Electron and proton transfer in the ba3 oxidase from Thermus thermophilus

The ba 3 -type cytochrome c oxidase from Thermus thermophilus is phylogenetically very distant from the aa 3 –type cytochrome c oxidases. Nevertheless, both types of oxidases have the same number of redox-active metal sites and the reduction of O 2 to water is catalysed at a haem a 3 -Cu B catalytic site. The three-dimensional structure of the ba 3 oxidase reveals three possible proton-conducting pathways showing very low homology compared to those of the mitochondrial, Rhodobacter sphaeroides and Paracoccus denitrificans aa 3 oxidases.
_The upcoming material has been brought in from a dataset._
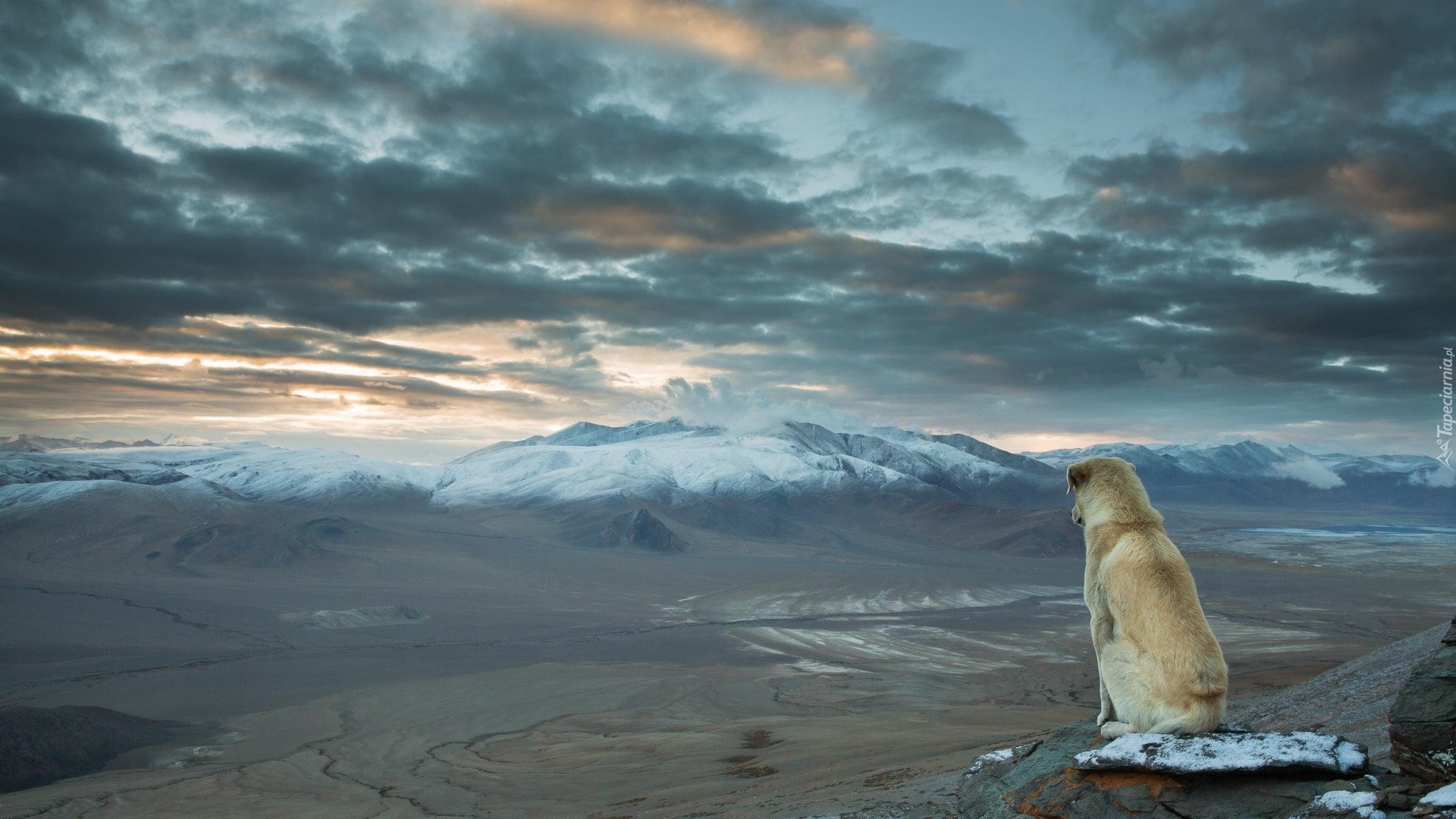 Edytor tapety: Pies spogląda na dolinę w Himalajach

In this study we investigated the oxidative part of the catalytic cycle of the ba 3 -cytochrome c oxidase using the flow-flash method. After flash-induced dissociation of CO from the fully reduced enzyme in the presence of oxygen we observed rapid oxidation of cytochrome b ( k ≅6.8 × 10 4 s −1 ) and formation of the peroxy (P R ) intermediate. In the next step a proton was taken up from solution with a rate constant of ∼1.7 × 10 4 s −1 , associated with formation of the ferryl (F) intermediate, simultaneous with transient reduction of haem b . Finally, the enzyme was oxidized with a rate constant of ∼1,100 s −1 , accompanied by additional proton uptake. The total proton uptake stoichiometry in the oxidative part of the catalytic cycle was ~1.5 protons per enzyme molecule. The results support the earlier proposal that the P R and F intermediate spectra are similar (Siletsky et al. Biochim Biophys Acta 1767:138, 2007) and show that even though the architecture of the proton-conducting pathways is different in the ba 3 oxidases, the proton-uptake reactions occur over the same time scales as in the aa 3 -type oxidases.